Friendship Beats 'Em All
by Irinaa
Summary: Two childhood friends, Nora and Eric, find themselves in an unusual sitiation that forces them to get closer than ever. Eric/Nora AU and AH.
1. The Hurt

_I shot for the sky, but I'm stuck on the ground._

_Why do I try? I know I'm gonna fall down…_

_I thought I could fly, so why did I drown?_

_I never know why is coming down, down, down.._

_Jason Walker – Down_

* * *

Laying in my bed beneath the cold sheets, my mind started wandering, like it always did. Images of my life were flashing before my eyes. The most common image was my mom's.
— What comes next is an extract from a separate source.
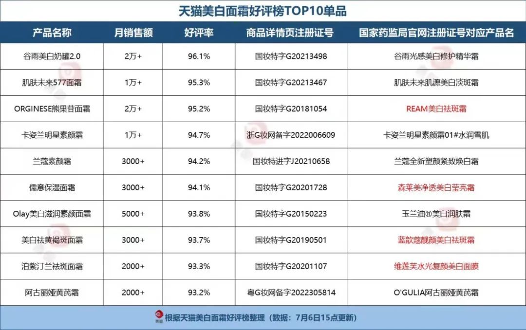 今日,青眼调查发现,在天猫美白面霜好评榜TOP10中,有4个品牌的美白产品,其商品详情页面显示的特殊化妆品注册证号,存在与国家药监局公示特证信息不一致的情况。

She was dead for 3 years now, but it felt like yesterday when she was all hyper and making me my favorite cake. Since her death my dad, Russell, was an alcoholic. He was almost never home, but when he was, he hit me for some reason he always find. Either because there was no food on the table, even if he almost never eats just drinks, or just to blame me for my mom's death. And why condemn him? She had an infection even since she gave birth to me and that was the main reason of her death. But there was someone to keep me strong: my best friend Eric. Tall, muscular, with a lovely blonde hair and deep blue eyes, he was 2 years older than me and we knew each other since kindergarten. And since we were living in a small town, we never grew apart since. The problem was I had this major crush on him since forever, but never had to guts to tell him.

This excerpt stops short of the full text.